“I am not my diabetes”

I was diagnosed with Type 1 Diabetes (Juvenile Diabetes) in 1973 when I was eight years old. Type 1 (juvenile) diabetes strikes children suddenly, makes them dependent on injected or pumped insulin for life, and carries the constant threat of devastating complications.

I was raised in a very small ranching/farming community in South Dakota. I was plagued by negative comments from the local doctors and nurses regarding my diabetes. The complications of diabetes were constantly brought to my attention throughout my adolescent life. I was told of blindness, amputations, kidney failure and eventually heart failure and death. Beginning at the age of eight I was certain all of these complications were around the corner. When I was nine or ten I often would close my eyes, fruitlessly trying to find my way through the house. I would soon concede and ponder what my world would be like without sight, legs or arms as I approached my demise.

My childhood consisted of setting goals to live. I hoped to live to 11. I then hoped to live to be 13, 16 and 18. I was not able to dream or make plans to get a college degree, get married or consider having a career and a family.
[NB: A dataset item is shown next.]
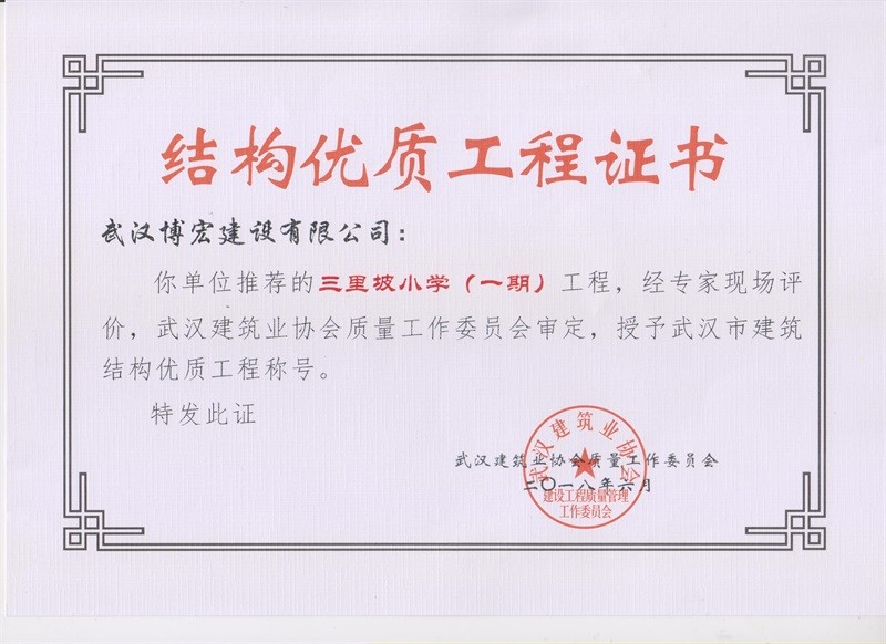 結構優(yōu)質工程證書(三里坡小學一期)

Those dreams were insurmountable in my thought process.

I was positive for the most part and enjoyed my days living from day to day. I was terrified of the future.

Later in life I became more hopeful. The ability to check my own blood sugar and take insulin as needed gave me the control I wanted to better manage my diabetes. I do still worry and I do still set goals. I want to see my two, five and seven year old children graduate from high school, college and one day I hope to play with my grandchildren.

I realize none of us know what the future holds for us. I realize I need to live today for today and be the best father, husband, sibling and son I can be.